Available data
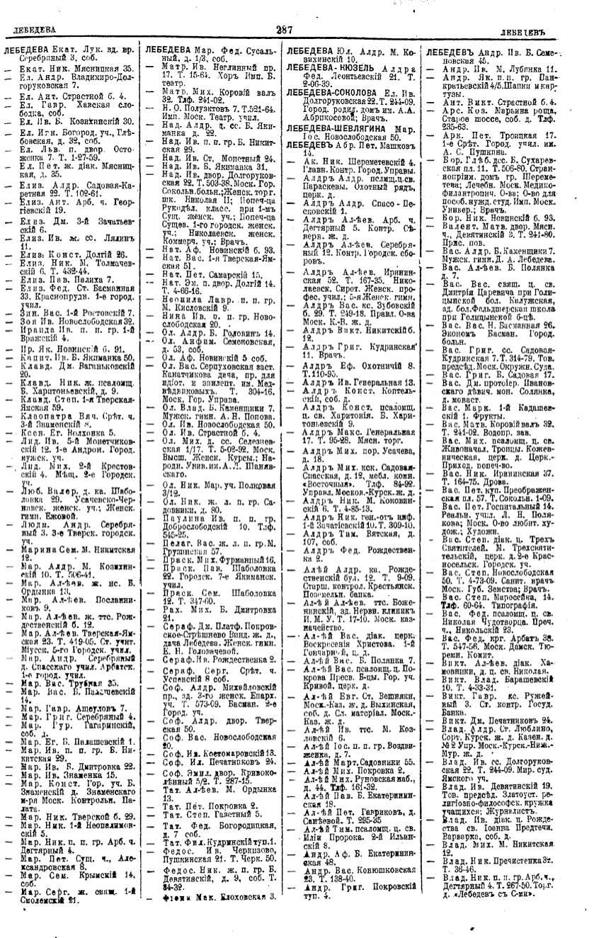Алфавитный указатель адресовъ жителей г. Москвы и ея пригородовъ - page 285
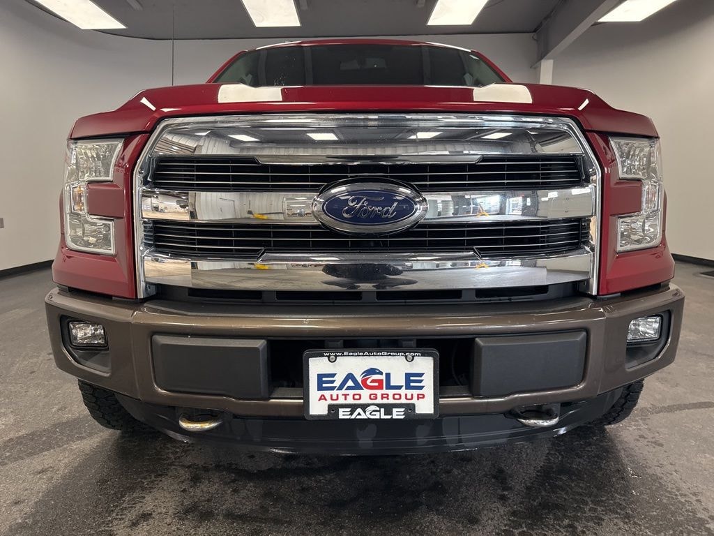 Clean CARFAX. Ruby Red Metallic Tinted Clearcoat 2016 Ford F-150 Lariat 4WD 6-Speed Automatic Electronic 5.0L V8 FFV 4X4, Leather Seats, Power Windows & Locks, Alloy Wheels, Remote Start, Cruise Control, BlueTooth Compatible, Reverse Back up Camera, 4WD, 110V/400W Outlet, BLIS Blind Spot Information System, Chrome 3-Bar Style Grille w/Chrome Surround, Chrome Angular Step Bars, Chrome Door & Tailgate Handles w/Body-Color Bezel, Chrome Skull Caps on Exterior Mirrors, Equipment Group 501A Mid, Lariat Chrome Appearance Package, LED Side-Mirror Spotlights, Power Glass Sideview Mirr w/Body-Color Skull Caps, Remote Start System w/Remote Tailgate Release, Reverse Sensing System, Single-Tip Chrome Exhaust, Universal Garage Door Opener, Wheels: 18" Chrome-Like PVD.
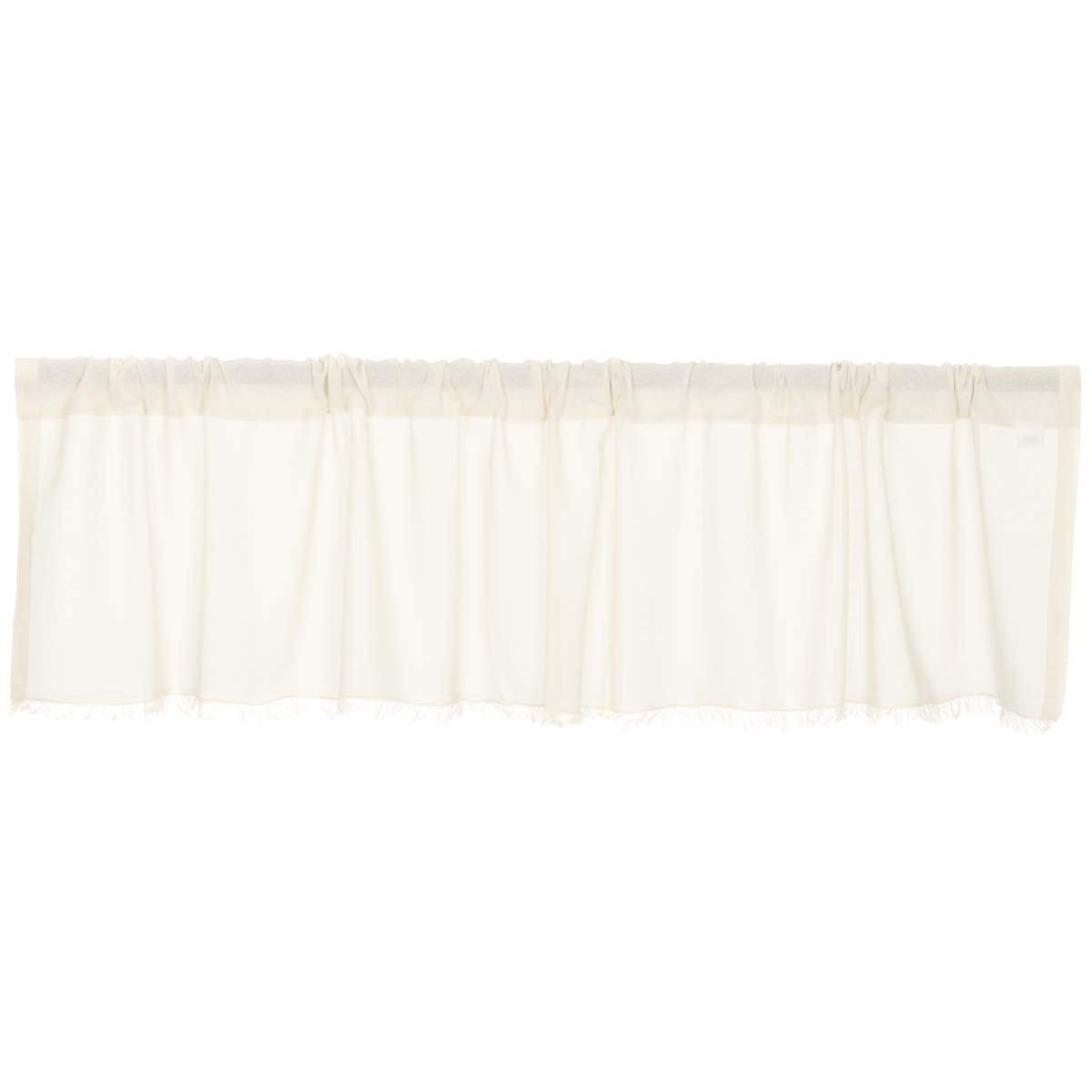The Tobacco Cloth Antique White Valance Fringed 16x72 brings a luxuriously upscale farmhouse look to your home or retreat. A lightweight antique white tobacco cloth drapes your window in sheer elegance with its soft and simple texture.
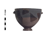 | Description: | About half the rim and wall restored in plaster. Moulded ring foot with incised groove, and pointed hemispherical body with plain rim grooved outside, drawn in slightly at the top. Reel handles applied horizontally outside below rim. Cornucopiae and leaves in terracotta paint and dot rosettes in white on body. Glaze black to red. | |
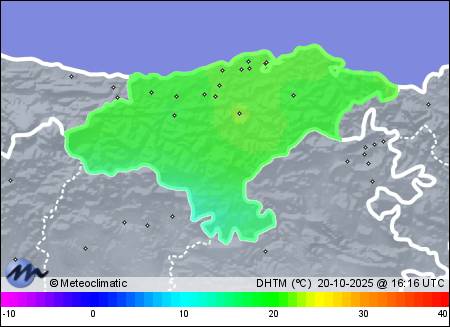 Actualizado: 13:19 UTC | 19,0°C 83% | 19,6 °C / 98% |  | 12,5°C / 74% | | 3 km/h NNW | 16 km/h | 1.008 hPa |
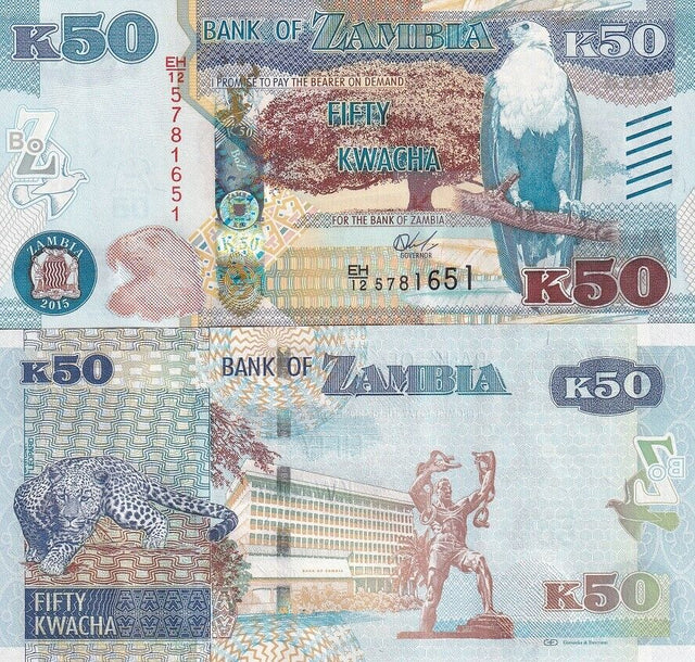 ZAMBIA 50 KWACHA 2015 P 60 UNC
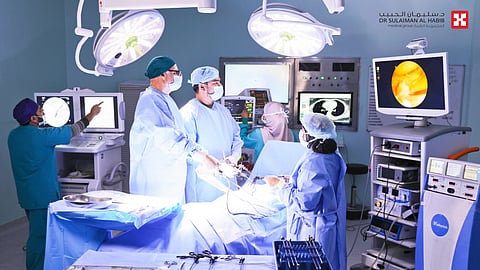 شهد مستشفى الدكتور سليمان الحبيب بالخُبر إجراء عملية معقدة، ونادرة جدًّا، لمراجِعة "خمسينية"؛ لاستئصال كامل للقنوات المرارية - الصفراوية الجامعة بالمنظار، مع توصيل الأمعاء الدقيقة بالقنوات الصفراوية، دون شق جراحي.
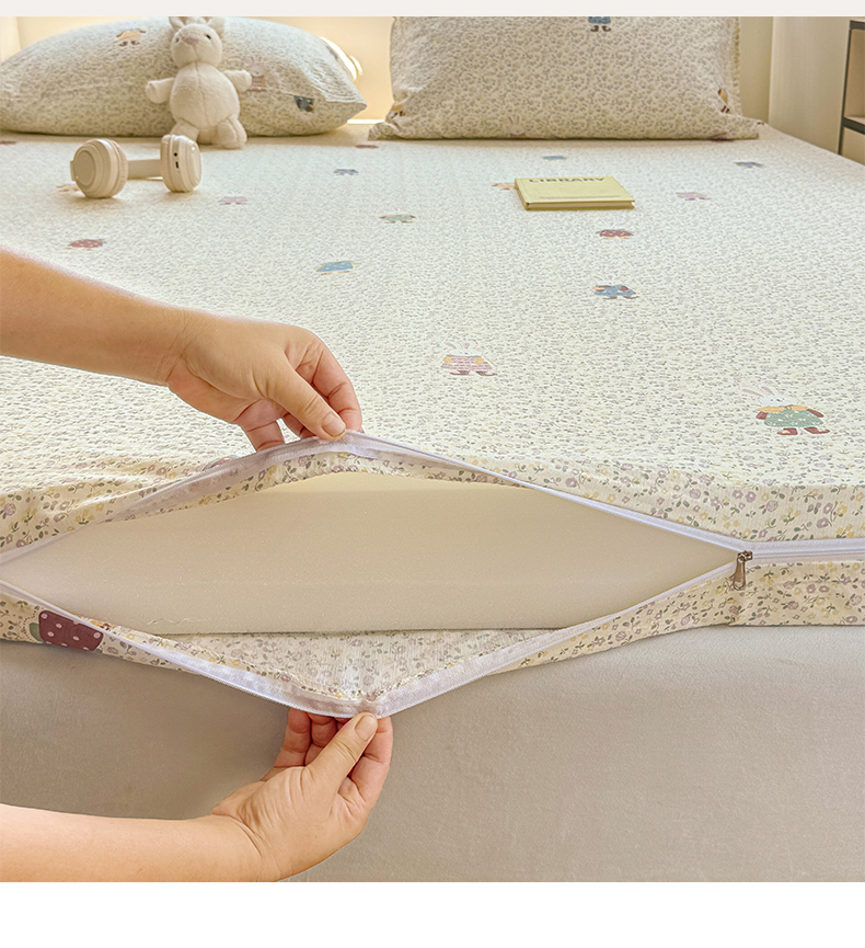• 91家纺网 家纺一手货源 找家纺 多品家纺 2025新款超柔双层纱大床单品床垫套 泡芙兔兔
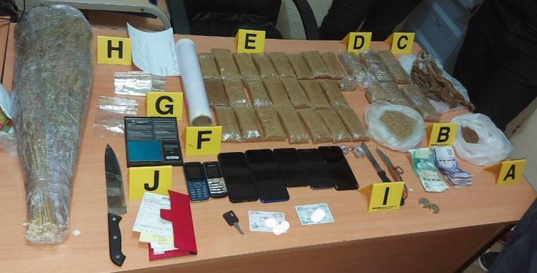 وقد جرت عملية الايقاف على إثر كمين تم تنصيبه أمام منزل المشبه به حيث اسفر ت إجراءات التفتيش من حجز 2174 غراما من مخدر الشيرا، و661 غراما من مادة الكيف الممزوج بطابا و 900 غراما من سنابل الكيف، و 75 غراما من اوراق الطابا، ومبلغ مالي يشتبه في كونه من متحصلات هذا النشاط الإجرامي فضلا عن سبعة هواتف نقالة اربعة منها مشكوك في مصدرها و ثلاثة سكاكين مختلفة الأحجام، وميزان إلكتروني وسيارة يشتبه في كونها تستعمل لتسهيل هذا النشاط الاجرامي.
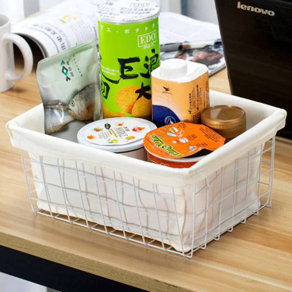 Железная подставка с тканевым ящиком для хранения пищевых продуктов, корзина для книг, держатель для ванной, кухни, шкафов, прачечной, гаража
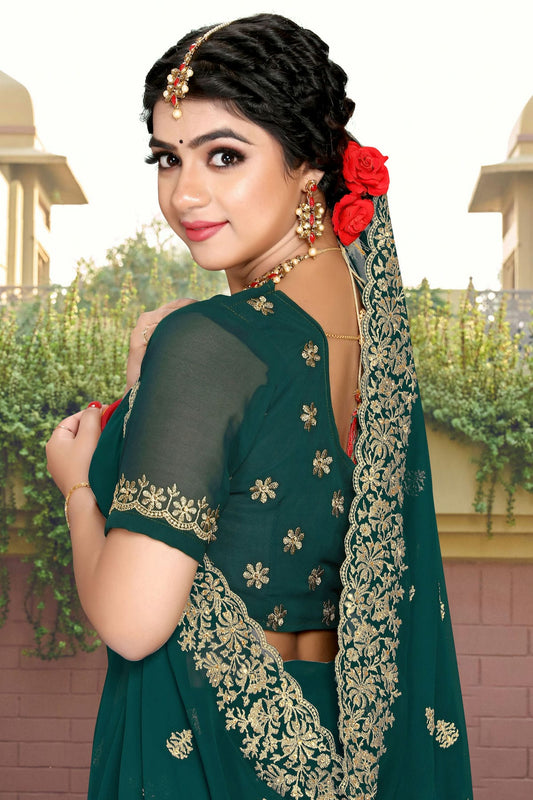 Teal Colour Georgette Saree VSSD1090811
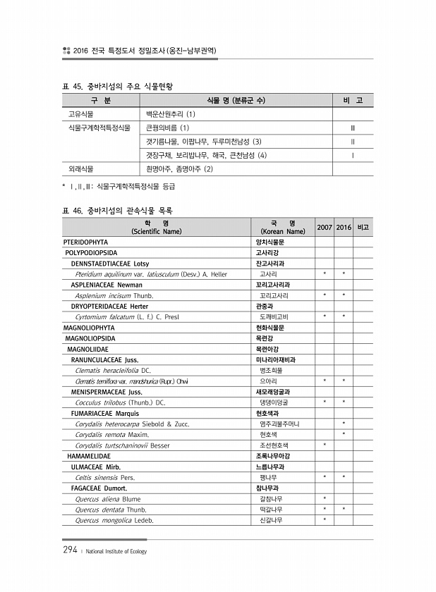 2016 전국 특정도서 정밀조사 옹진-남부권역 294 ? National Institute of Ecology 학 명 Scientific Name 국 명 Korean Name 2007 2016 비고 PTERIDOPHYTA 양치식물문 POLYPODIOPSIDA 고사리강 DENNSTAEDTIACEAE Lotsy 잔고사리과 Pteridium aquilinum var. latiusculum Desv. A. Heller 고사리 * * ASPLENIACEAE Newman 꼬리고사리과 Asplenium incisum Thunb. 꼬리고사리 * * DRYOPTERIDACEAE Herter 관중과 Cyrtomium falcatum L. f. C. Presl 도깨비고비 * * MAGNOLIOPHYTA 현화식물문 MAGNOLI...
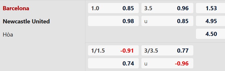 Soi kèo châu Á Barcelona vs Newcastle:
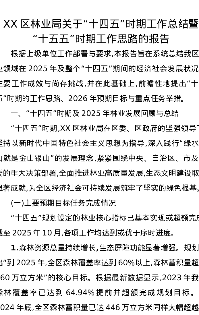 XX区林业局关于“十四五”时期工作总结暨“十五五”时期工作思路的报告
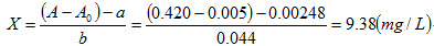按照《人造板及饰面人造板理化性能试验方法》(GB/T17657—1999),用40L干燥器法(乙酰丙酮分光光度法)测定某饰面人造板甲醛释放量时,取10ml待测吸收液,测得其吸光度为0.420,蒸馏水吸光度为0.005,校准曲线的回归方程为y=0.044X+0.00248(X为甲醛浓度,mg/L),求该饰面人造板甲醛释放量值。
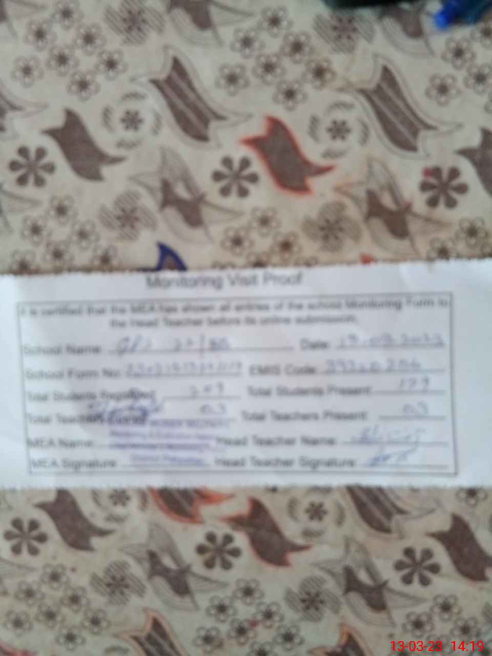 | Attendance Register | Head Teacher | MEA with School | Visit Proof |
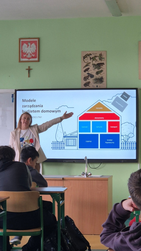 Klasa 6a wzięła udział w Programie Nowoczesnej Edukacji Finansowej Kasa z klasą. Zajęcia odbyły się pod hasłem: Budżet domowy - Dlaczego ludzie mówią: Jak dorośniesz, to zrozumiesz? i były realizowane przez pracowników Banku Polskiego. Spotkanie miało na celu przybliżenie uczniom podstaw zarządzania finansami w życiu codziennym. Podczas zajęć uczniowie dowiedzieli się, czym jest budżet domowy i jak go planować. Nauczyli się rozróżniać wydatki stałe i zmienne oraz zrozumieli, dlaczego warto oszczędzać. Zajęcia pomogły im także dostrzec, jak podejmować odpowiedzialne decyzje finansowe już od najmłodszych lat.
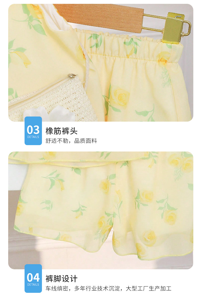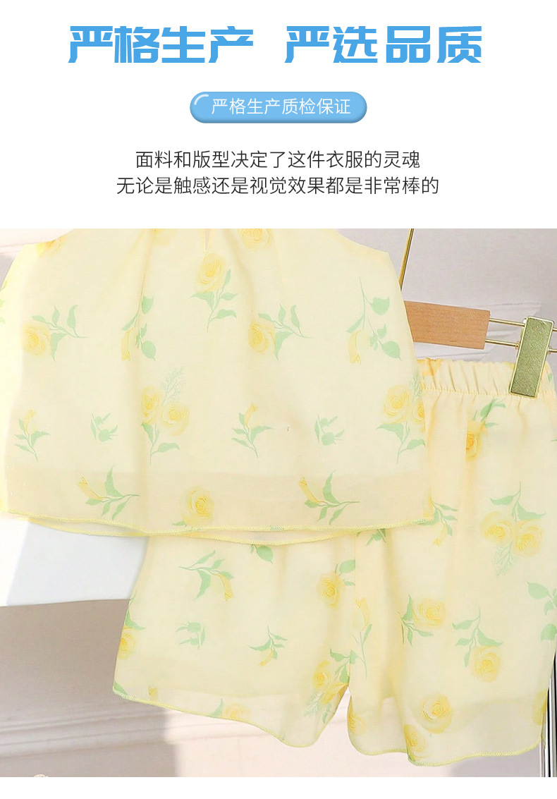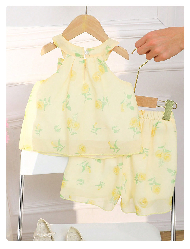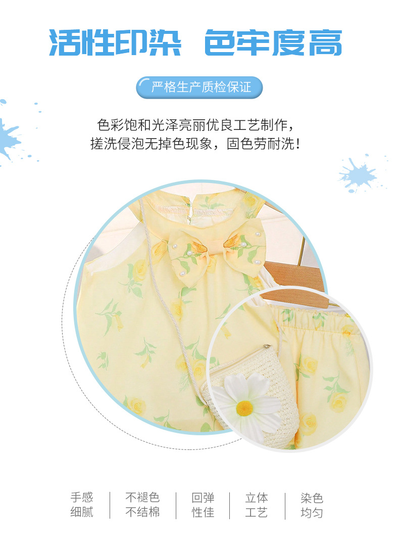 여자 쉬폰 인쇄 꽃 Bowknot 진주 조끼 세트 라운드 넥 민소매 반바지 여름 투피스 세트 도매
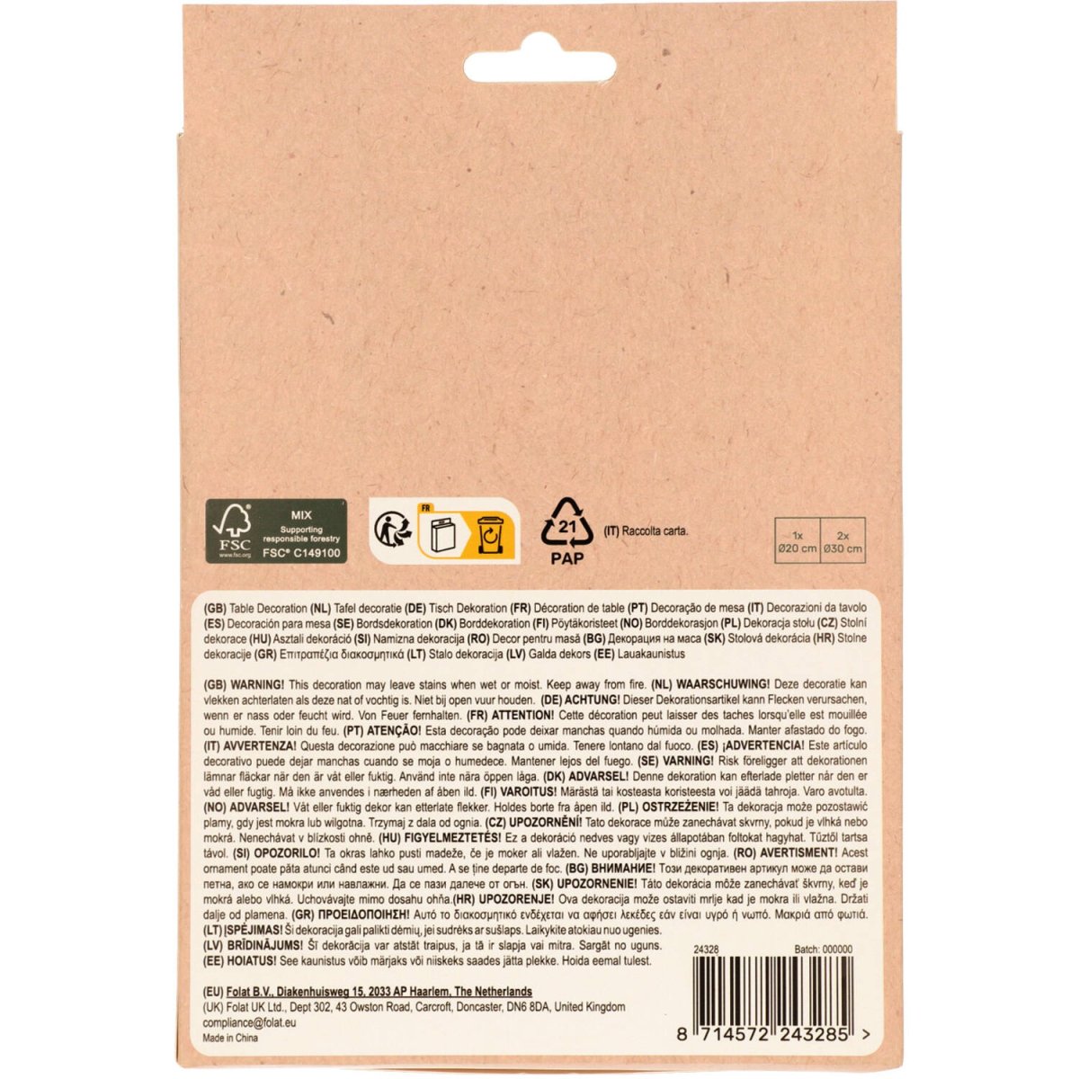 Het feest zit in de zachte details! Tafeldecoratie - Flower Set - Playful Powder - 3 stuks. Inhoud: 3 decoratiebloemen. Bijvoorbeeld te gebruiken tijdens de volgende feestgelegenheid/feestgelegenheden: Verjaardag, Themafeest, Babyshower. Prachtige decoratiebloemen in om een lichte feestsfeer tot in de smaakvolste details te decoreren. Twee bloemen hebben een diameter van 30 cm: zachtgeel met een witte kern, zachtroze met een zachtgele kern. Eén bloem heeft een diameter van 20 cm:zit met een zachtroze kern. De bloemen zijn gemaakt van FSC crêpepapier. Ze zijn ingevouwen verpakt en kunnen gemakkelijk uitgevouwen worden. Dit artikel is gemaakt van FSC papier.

What you have to do
The output is the lines from the start of the data above through the line containing "ZAMBIA 50 KWACHA 2015 P 60 UNC", unchanged, with any picture left out.

The answer
Алфавитный указатель адресовъ жителей г. Москвы и ея пригородовъ - page 285
 Clean CARFAX. Ruby Red Metallic Tinted Clearcoat 2016 Ford F-150 Lariat 4WD 6-Speed Automatic Electronic 5.0L V8 FFV 4X4, Leather Seats, Power Windows & Locks, Alloy Wheels, Remote Start, Cruise Control, BlueTooth Compatible, Reverse Back up Camera, 4WD, 110V/400W Outlet, BLIS Blind Spot Information System, Chrome 3-Bar Style Grille w/Chrome Surround, Chrome Angular Step Bars, Chrome Door & Tailgate Handles w/Body-Color Bezel, Chrome Skull Caps on Exterior Mirrors, Equipment Group 501A Mid, Lariat Chrome Appearance Package, LED Side-Mirror Spotlights, Power Glass Sideview Mirr w/Body-Color Skull Caps, Remote Start System w/Remote Tailgate Release, Reverse Sensing System, Single-Tip Chrome Exhaust, Universal Garage Door Opener, Wheels: 18" Chrome-Like PVD.
The Tobacco Cloth Antique White Valance Fringed 16x72 brings a luxuriously upscale farmhouse look to your home or retreat. A lightweight antique white tobacco cloth drapes your window in sheer elegance with its soft and simple texture.
 | Description: | About half the rim and wall restored in plaster. Moulded ring foot with incised groove, and pointed hemispherical body with plain rim grooved outside, drawn in slightly at the top. Reel handles applied horizontally outside below rim. Cornucopiae and leaves in terracotta paint and dot rosettes in white on body. Glaze black to red. | |
 Actualizado: 13:19 UTC | 19,0°C 83% | 19,6 °C / 98% |  | 12,5°C / 74% | | 3 km/h NNW | 16 km/h | 1.008 hPa |
 ZAMBIA 50 KWACHA 2015 P 60 UNC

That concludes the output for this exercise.